Cerca de oito milhões dos adultos, de uma população de 63 milhões no Reino Unido, tem habilidades numéricas muito limitadas. Atualmente, apenas metade dos jovens entre 16 e 19 anos estuda matemática. O analfabetismo matemático é um sério problema em diversos países, mas pouco discutido pelas autoridades.

Há uma particularidade no Reino Unido, que é um dos poucos países ricos a não exigir obrigatoriedade de que jovens estudem algum tipo de matemática entre 16 e 18 anos. A intenção do primeiro ministro é essencialmente mudar tal política educacional, tornando obrigatório o ensino de matemática até os 18 anos, ao mesmo tempo que visa melhorar o ensino infantil e infanto-juvenil. Sua ambição, ao intervir fortemente na educação básica e elementar, é a de garantir o futuro do Reino Unido ao promover que as crianças e jovens de hoje saiam da escola com melhores habilidades em matemática.

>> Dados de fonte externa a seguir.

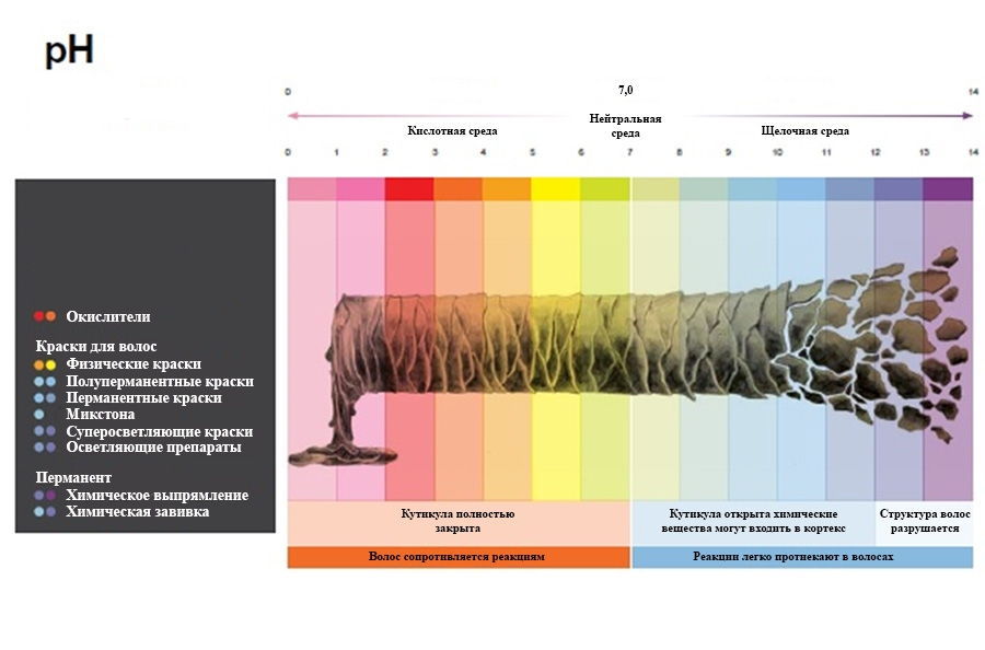 Щелочь при окрашивании забивает чешуйки волоса и раскрывает их. Поэтому обязательное условие после окрашивания – закрыть кутикулу продуктом, имеющим кислым pH.
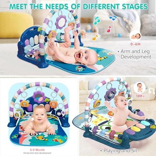 - 【6 Different Modes of Our Baby Newborn Infant Play Mat Gym】Lying, Sitting, Tummy Time, Kicking, Playing, and Take-Along. The unique musical piano keys with lights attract the baby to touch, emitting beautiful sounds that stimulate the baby's curiosity.

Com formação em filosofia, política e economia, o primeiro ministro tem uma fortuna pessoal avaliada em 730 milhões de libras, esta em boa parte obtida pelo uso da matemática em seus negócios. Sua proposta de reforma é corajosa e desafiadora, ao enfrentar o analfabetismo em matemática.

Um grave desafio será encontrar professores de matemática, uma profissão cada vez mais rara entre as escolhas profissionais dos poucos que a estudam, e que são melhor renumerados e mais requisitados em outras atividades, incluindo consultorias de otimização de produtos e processos, além de análises estatísticas e de Big Data. Não à toa, boa parte dos profissionais de exatas, como matemática, física, química e computação, atuantes no Reino Unido, são estrangeiros ou descendentes destes, como o próprio chanceler. Sua intenção é de rapidamente formar ao menos 6.500 novos professores(as) em todo país. Que tal atitude torne-se exemplo e inspiração aos demais dirigentes ao redor do planeta.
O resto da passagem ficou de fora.